0 (4) - prestidigitation, acid splash, detect magic, arcane mark
1 (3/4) - mage armor, chill touch, shocking grasp, silent image
2 (3) - frigid touch, mirror image, pyrotechnics
 
*Magic Items* +1 spiked chain, +1 rapier, ring of protection +1, belt of dex +2, vest of resistance +1
*Languages* Common Abyssal, Infernal, Draconic, Elven,

----------


## DrK

The three demons launch their attacks on the line of adventurers into the desolation. Spears clash and Timishoko and Tsythus both lose themselves to their rage. The pair of ragers swing and hack at the ichor covered blood demons but in their frezy the blades go wide.
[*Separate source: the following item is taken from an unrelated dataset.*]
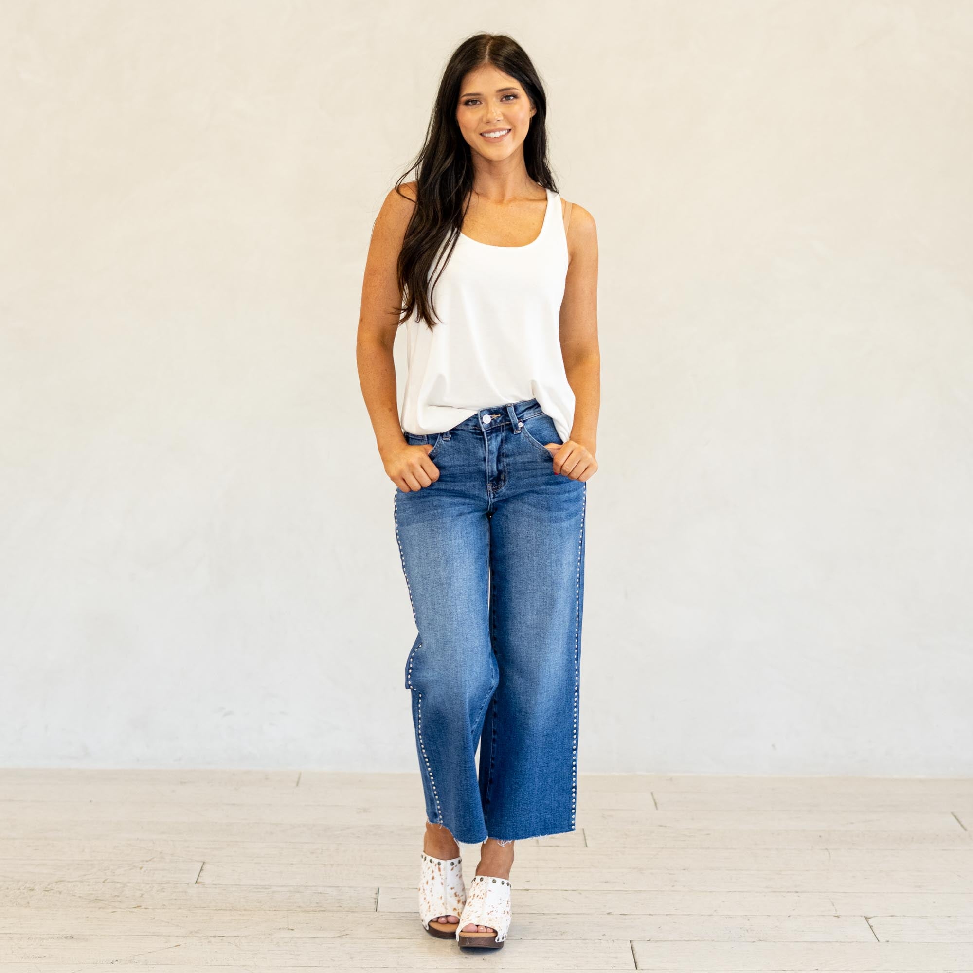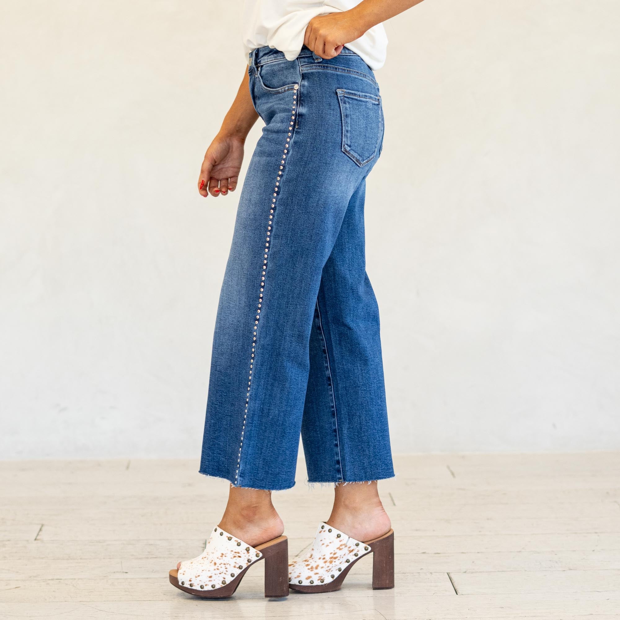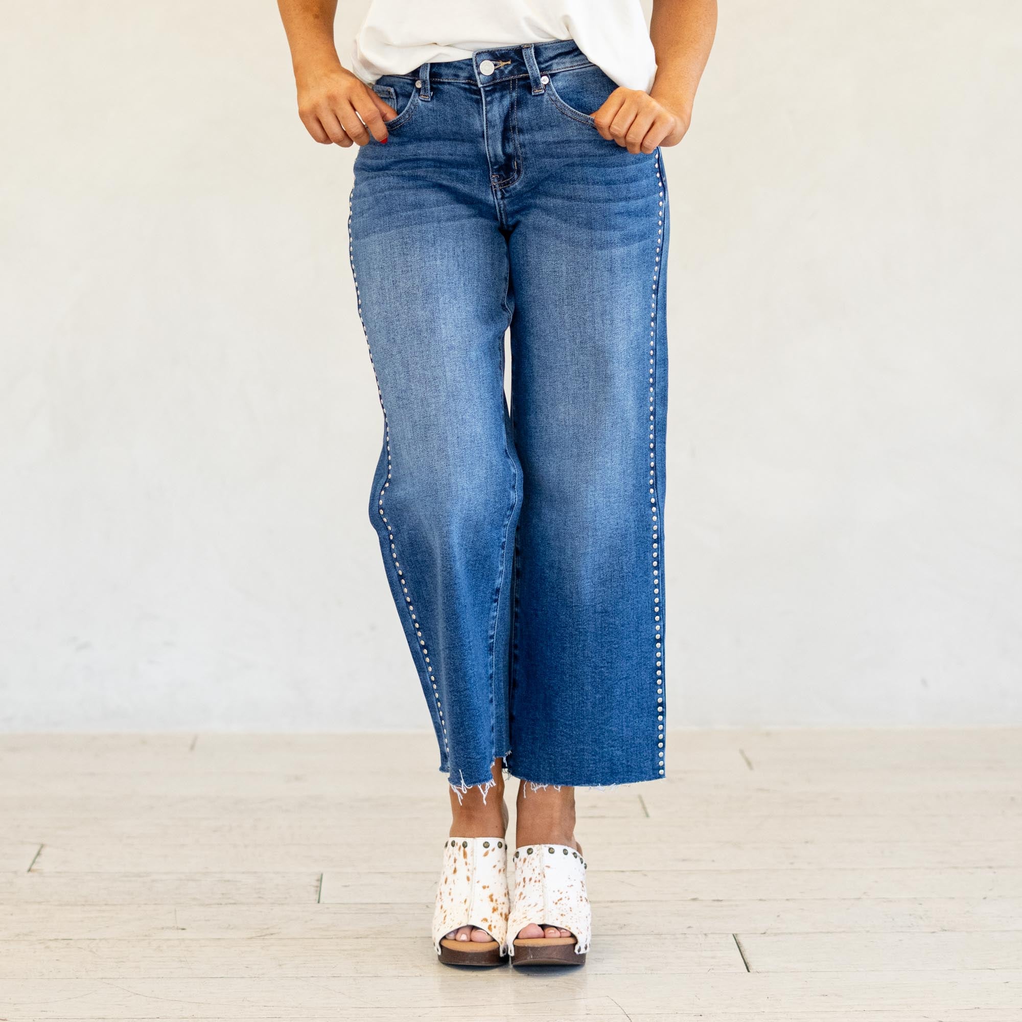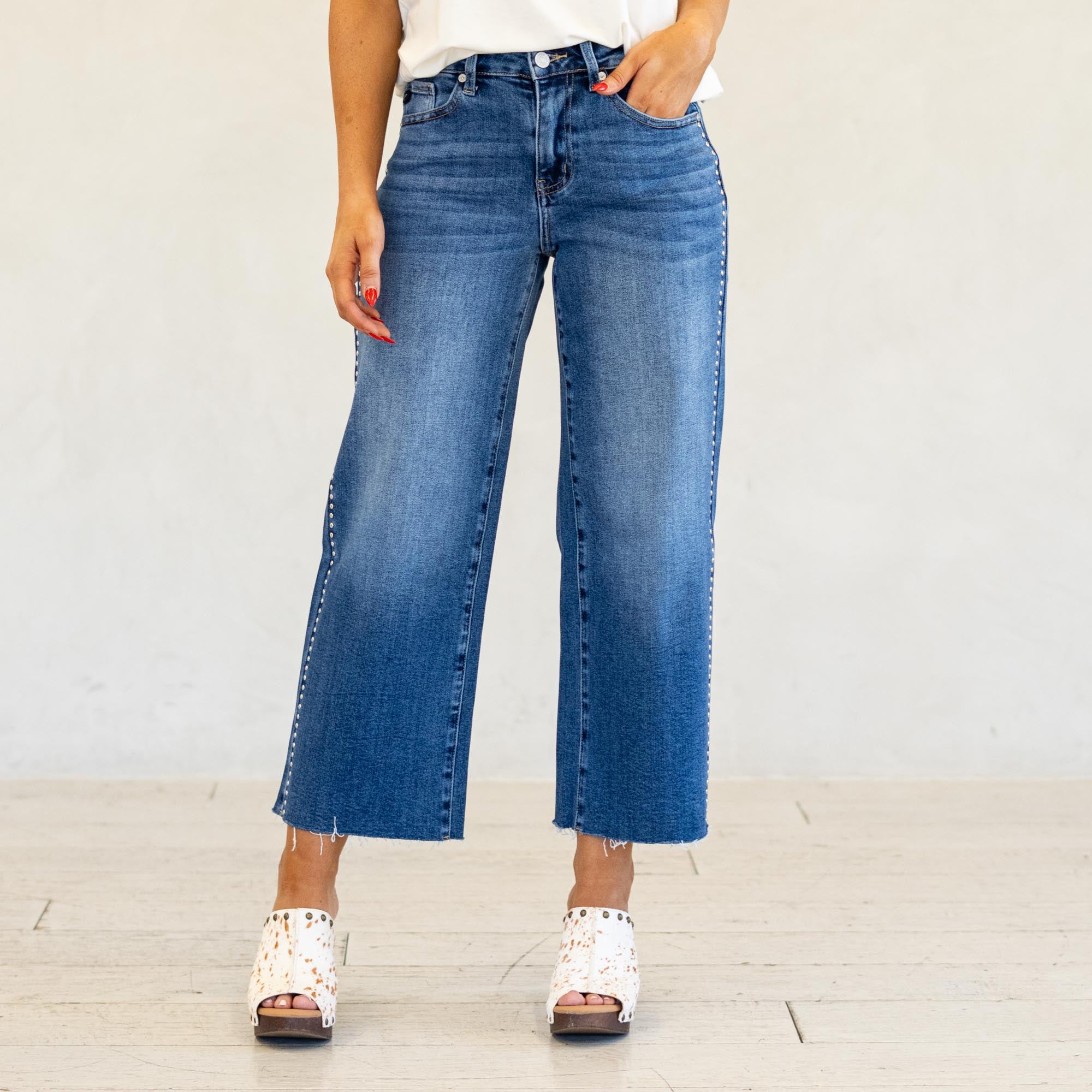 The Mailene High Rise Crop Wide Leg Jeans are where classic denim meets modern edge. Designed in a rich dark wash, this cropped silhouette sits high at the waist and flows into a wide leg that hits just above the ankle for a chic, effortless vibe.

Izzy jabs forward with controlled thrusts but they are brushed aside by the demons' own spears. Darsalla and Roger are more fortunate, the spiked chain catching one in the knee although some of the damage is ablated, the demon then grunts as the arrow thuds into from Roger fired from where the ranger is standing further up the dust covered plain.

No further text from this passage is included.